February 28, 2018 5:15:47 am
Referring to the ongoing ceasefire violations on the Line of Control (LoC) in Jammu and Kashmir, General Officer Commanding-in-Chief, Army Training Command (ARTRAC), Lt Gen M M Naravane on Tuesday said that it will be difficult to restore peace on the border at tactical level, and that a lasting peace with Pakistan can only be found at the negotiating table.
Lt Gen Naravane said 2017 was the worst year in ceasefire violations, and the first two months of 2018 were no better. “Peace on border is difficult to achieve at tactical level alone. Restoring ceasefire requires statesmanship, not brinkmanship,” he said.
Addressing a seminar on “Emerging geo-strategic manifestations in Pakistan — Implications for India” at Panjab University, the Army Commander said that both India and Pakistan have been aggressively pursuing a policy of unrelenting tit-for-tat for the last few years. “But we need to analyse what will be the end result of this approach,” he said. “Kashmir still remains far from normal despite the strategy of matching response being followed by both nations. Be that as it may, there is no shying away from the fact that a lasting peace can only be found at the negotiating table.”
On the way ahead, Lt Gen Naravane said India will have to continue to act with a sense of responsibility, expected of a regional power, while trying to achieve a unanimity of purpose with regard to the policy with Pakistan.
The Army Commander said that Pakistan is like a mirror on the wall. “We need to look at it and not make the same mistakes, particularly in light of growing radicalisation and intolerance within our own society over mundane issues,” he said.
He emphasised that India should avoid making the same mistakes Pakistan made in the course of its history.
Recalling the words of Asma Jehangir, noted Pakistani human rights activist who passed away recently, Lt Gen Naravane said she was once asked on a visit to India why she was talking about secularism and democracy when both do not exist in Pakistan. “She was disarming in her reply when she said, ‘I request you don’t compete with us over our weaknesses’. I believe that is where our strength lies. In the core values as enshrined in the preamble of our Constitution — justice, equality, liberty, fraternity — as part of a sovereign, secular, democratic republic.
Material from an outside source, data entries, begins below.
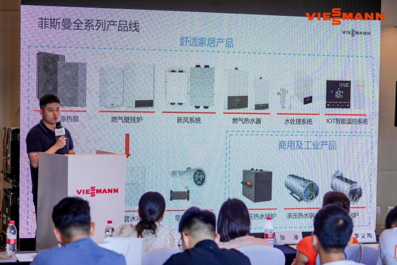 在产品技术解析环节,菲斯曼热泵技术工程师和售前技术工程师们,深度剖析了今年上市的菲斯曼重磅新品——一体式高能效空气源热泵Vitocal 100-A CN (S)。该产品依托菲斯曼近50年热泵研发经验及开利集团技术优势,完美契合中国“双碳”战略需求:超低温运行模式确保南北气候适应性,±0.5℃精准温控搭配智能除湿、自清洁功能,为用户营造四季舒适环境;更支持与壁挂炉组成双源混合系统,通过云端智能算法实现热源无缝切换,能效超越新国标一级标准16%,尽显“环保先锋”实力。
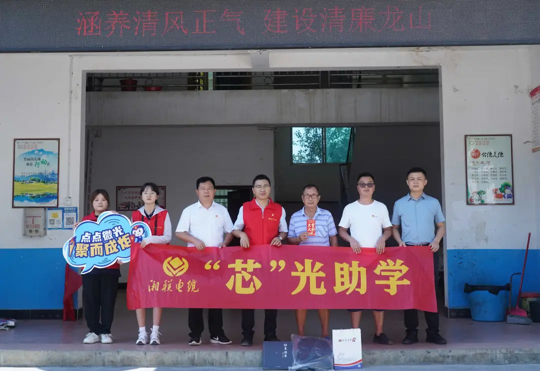 ▲湘聯(lián)電纜“芯”光助學(xué)基金會為孩子們送上愛心基金和學(xué)習(xí)用品
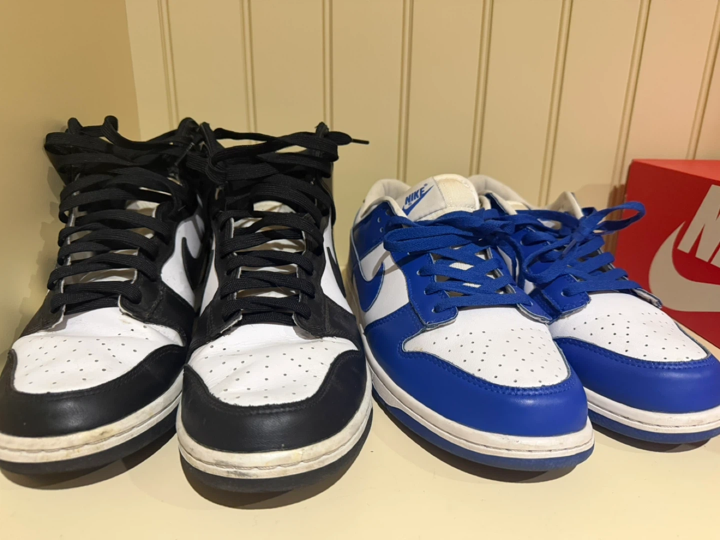 Two pairs of Nike Dunk sneakers. One pair is a blue and white low-top, and the other is a black and white high-top. Both pairs feature the iconic Nike swoosh.
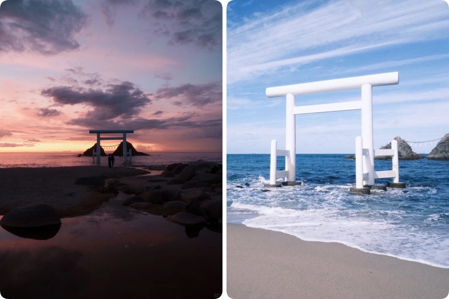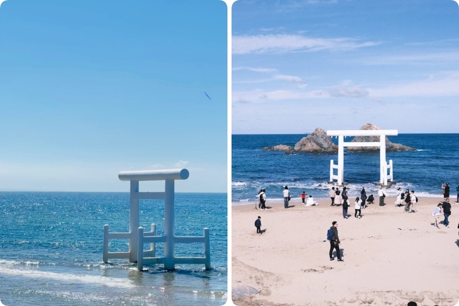 純白鳥居和大海之間的對比非常美麗,是很受歡迎的拍照景點。
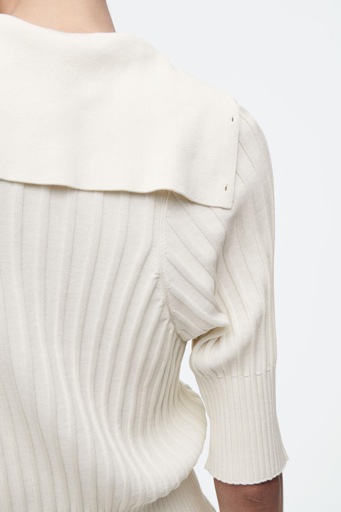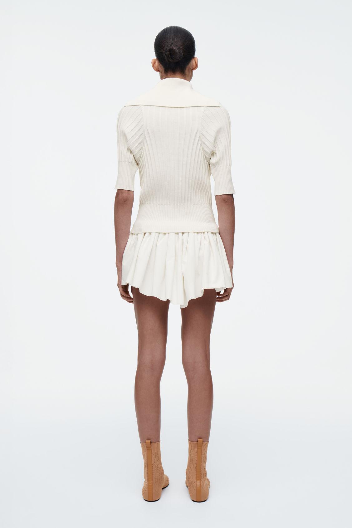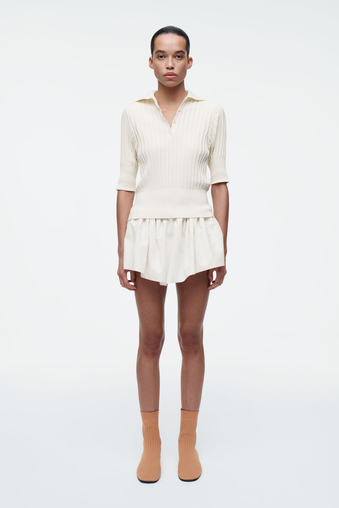 The COS SS25 runway collection builds on the house codes of lasting design and exceptional craftsmanship. Proposing a refined take on the classic polo, this top is made from a blend of premium mulberry silk and soft cotton that's ribbed for a tactile finish. It's offered in a subdued ecru tone and features tonal buttons and an oversized collar that can be worn as a rollneck or folded effortlessly over the shoulders. Style it as a coord with the matching micro shorts. Slim fitButton closure Shell: 55% Mulberry silk, 45% Cotton. Excluding trims / Machine wash Back length of size S is 55cm / Model wears a size S
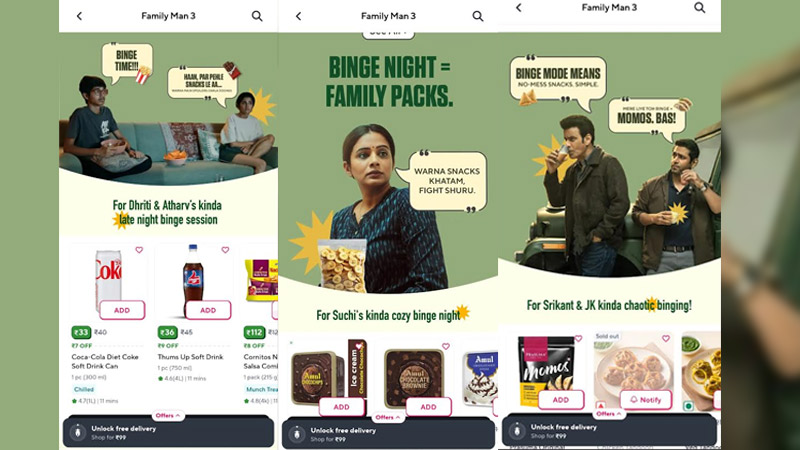 The centrepiece was a “mission binge” activation on Zepto, where, for the first time, the quick-commerce app opened its search bar to an external entertainment partner. Users typing “The Family Man” or “The Wanted Man” between 6pm and midnight were funnelled into a story-driven search journey ending in a curated list of “binge supplies needed for 6 hours”, nodding to the new season’s runtime. Character-led cues shaped the experience: Srikant’s spartan logic steered essential snacks, while JK’s appetite lent itself to indulgent momo picks tied to the show’s storyline.

In short, we are all that Pakistan is not,” he said.
Commenting on the role of military in Pakistani politics, Lt Gen Naranave said that democracy in Pakistan is farcical and the Pakistan military has always been in control. “This is in stark contrast to India where the armed forces owe allegiance to the Constitution, and not to any party, person or religion,” he said.
Lt Gen Naravane said that by virtue of the China Pakistan Economic Corridor passing through Pakistan-occupied Kashmir, China has ‘willy-nilly’ become a third party to the J&K dispute despite India’s objections. “But all this comes at a price. China is slowly drawing Pakistan into a trap… Pakistan would do well to follow Myanmar’s example to cancel or re-negotiate deals which are not in her favour and see the writing on the wall,” he said.